Added .env, and ammended .gitignore

This commit is contained in:
2026-02-15 20:32:46 +00:00
parent 5f3e0db712
commit 657d2f299e
4 changed files with 439 additions and 27 deletions
+51 -27
View File
@@ -25,24 +25,36 @@ The portfolio's command palette currently uses Fuse.js for fuzzy string matching
**Acceptance Criteria:**
- [ ] Node script `scripts/generate-embeddings.ts` reads all palette data from `src/lib/search.ts`
- [ ] Calls OpenAI `text-embedding-3-small` API with a rich text representation of each item (title + subtitle + keywords + any extended context from data files)

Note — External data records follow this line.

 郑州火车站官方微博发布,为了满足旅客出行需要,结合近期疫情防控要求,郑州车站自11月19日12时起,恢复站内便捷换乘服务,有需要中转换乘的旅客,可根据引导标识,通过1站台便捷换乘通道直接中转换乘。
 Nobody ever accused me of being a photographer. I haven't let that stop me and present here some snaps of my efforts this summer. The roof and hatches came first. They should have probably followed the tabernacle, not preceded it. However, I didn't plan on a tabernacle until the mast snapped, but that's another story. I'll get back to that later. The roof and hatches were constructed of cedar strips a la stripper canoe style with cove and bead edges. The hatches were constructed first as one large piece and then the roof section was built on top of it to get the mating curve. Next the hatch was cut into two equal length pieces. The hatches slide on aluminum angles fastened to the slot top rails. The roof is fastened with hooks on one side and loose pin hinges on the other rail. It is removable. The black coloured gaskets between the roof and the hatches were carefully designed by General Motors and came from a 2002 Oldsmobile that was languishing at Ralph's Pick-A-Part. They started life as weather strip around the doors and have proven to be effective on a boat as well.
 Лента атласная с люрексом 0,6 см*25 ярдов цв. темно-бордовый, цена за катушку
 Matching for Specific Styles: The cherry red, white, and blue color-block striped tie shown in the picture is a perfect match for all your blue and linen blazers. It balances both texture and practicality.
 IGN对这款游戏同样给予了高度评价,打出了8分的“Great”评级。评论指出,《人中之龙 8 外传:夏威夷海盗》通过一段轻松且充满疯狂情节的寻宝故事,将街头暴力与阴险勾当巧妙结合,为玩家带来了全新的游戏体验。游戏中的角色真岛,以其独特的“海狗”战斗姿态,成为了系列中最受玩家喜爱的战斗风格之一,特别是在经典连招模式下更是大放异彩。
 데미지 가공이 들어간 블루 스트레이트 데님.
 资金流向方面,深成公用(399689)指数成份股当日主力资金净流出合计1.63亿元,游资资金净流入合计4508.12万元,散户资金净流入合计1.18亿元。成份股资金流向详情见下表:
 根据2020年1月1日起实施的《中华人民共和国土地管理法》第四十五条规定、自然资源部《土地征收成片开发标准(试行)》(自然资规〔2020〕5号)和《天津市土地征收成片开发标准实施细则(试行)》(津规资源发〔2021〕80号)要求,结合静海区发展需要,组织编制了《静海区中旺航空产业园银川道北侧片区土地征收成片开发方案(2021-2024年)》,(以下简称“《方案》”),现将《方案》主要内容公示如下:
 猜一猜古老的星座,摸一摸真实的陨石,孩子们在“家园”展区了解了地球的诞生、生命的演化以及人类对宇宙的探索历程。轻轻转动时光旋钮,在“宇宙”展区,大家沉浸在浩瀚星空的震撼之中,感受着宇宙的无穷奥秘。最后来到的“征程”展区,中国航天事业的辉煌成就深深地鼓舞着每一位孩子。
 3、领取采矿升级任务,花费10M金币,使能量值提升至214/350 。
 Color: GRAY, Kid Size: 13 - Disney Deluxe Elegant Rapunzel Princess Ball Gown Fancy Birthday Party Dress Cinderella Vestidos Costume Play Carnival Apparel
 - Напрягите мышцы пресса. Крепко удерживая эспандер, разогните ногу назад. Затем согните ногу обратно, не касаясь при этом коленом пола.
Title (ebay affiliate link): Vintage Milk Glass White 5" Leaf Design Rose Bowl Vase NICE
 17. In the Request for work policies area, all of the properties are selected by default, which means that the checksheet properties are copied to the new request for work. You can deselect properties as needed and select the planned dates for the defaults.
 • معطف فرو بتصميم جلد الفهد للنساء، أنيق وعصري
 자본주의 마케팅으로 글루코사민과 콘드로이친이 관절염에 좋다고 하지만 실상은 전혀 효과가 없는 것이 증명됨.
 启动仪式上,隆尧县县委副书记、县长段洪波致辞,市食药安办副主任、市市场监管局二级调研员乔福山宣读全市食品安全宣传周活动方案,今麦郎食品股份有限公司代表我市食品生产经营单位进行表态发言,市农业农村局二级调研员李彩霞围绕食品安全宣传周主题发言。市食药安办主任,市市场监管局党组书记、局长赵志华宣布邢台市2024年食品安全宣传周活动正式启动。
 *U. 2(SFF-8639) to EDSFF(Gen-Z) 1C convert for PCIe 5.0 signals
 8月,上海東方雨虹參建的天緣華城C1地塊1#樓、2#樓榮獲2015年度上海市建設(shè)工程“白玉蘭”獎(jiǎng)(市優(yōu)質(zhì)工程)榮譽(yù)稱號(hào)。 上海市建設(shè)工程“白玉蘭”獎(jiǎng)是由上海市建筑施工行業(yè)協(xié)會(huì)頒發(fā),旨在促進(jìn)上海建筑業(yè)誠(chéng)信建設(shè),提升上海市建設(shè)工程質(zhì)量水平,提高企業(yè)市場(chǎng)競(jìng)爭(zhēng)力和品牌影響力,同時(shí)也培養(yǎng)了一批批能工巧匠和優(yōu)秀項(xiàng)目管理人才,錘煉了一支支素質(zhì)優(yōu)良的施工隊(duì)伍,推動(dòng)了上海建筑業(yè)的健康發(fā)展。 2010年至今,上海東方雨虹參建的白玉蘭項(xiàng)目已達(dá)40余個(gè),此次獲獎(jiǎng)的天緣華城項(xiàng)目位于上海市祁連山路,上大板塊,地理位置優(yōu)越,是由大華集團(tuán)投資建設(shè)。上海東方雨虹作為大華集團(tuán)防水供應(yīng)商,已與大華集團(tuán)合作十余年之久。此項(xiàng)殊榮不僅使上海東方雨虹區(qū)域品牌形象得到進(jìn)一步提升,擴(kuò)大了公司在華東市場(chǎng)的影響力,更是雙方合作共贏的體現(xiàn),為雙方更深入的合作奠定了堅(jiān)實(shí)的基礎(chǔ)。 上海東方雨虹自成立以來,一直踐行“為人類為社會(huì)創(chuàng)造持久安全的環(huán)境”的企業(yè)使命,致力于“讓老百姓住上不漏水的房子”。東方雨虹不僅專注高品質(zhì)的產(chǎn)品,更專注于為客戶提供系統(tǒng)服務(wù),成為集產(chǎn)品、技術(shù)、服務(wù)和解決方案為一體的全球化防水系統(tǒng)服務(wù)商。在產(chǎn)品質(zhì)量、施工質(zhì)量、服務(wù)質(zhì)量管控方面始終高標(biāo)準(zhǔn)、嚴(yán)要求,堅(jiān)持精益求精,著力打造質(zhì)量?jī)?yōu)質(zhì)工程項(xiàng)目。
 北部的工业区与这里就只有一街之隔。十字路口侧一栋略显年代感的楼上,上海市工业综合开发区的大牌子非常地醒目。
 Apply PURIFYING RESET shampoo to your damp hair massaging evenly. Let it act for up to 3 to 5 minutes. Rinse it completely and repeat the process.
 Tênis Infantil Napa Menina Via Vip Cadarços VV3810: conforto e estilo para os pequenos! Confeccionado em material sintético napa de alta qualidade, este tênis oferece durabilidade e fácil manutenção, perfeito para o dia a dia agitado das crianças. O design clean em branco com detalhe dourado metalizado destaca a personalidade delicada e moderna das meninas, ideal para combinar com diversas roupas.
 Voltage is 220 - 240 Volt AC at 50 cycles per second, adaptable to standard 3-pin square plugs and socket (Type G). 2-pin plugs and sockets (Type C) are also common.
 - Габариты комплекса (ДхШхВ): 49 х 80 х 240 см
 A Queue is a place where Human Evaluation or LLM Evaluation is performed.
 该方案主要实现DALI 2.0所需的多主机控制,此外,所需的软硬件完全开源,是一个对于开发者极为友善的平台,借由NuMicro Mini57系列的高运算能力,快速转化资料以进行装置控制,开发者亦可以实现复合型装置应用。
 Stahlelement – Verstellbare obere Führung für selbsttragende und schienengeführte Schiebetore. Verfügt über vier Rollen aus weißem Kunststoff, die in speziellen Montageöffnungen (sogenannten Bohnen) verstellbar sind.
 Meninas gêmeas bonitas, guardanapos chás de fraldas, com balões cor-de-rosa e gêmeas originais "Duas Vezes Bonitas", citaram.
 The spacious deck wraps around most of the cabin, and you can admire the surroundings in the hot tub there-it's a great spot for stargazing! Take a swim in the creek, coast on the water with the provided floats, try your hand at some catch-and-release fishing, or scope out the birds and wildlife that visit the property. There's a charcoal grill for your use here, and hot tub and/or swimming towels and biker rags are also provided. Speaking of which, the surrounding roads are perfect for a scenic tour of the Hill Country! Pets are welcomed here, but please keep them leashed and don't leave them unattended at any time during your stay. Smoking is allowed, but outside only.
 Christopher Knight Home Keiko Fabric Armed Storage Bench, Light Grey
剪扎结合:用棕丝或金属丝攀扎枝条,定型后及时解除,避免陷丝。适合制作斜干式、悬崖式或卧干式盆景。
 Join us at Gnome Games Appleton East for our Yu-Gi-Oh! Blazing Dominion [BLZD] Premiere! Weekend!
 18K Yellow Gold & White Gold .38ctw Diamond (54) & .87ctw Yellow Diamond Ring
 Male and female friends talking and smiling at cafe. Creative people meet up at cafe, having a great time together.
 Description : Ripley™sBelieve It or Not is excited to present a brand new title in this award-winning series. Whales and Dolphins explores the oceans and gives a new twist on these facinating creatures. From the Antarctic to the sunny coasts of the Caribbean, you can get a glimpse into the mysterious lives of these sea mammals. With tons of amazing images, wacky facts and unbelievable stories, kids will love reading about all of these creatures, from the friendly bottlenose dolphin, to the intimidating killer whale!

- [ ] Uses the same ONNX model (`all-MiniLM-L6-v2` via `@xenova/transformers`) as the browser runtime to generate embeddings
- [ ] Builds a rich text representation of each item (title + subtitle + keywords + extended context from data files)
- [ ] Outputs `src/data/embeddings.json` — array of `{ id: string, embedding: number[] }`
- [ ] Script is runnable via `npm run generate-embeddings`
- [ ] Script requires `OPENAI_API_KEY` env var; fails gracefully with clear error if missing
- [ ] No external API key required — model runs locally via Node.js
- [ ] Embeddings file is committed to repo (static asset, not generated per-build)
- [ ] Typecheck passes
#### US-002: Client-side cosine similarity search
#### US-002: Preload ONNX model during boot sequence
**Description:** As a visitor, I want the semantic search model to be ready by the time I reach the dashboard, without slowing down the initial experience.
**Acceptance Criteria:**
- [ ] Model download (`all-MiniLM-L6-v2` via `@xenova/transformers`) begins when `App.tsx` mounts (during `'boot'` phase)
- [ ] Download runs in background — does not block or affect boot/ECG/login animations
- [ ] Model is cached in browser (IndexedDB) — second visit loads from cache instantly
- [ ] A global ready state (React context or module-level promise) signals when model is available
- [ ] If model fails to load (network error, etc.), the app continues normally — no error shown to user
- [ ] Typecheck passes
#### US-003: Client-side cosine similarity search
**Description:** As a visitor, I want the command palette to understand what I mean, not just match strings.
**Acceptance Criteria:**
- [ ] New `src/lib/semantic-search.ts` module with cosine similarity function
- [ ] Loads `embeddings.json` and provides a `semanticSearch(query: string, items: PaletteItem[])` function
- [ ] Query embedding is computed client-side using a lightweight approach (see Technical Considerations)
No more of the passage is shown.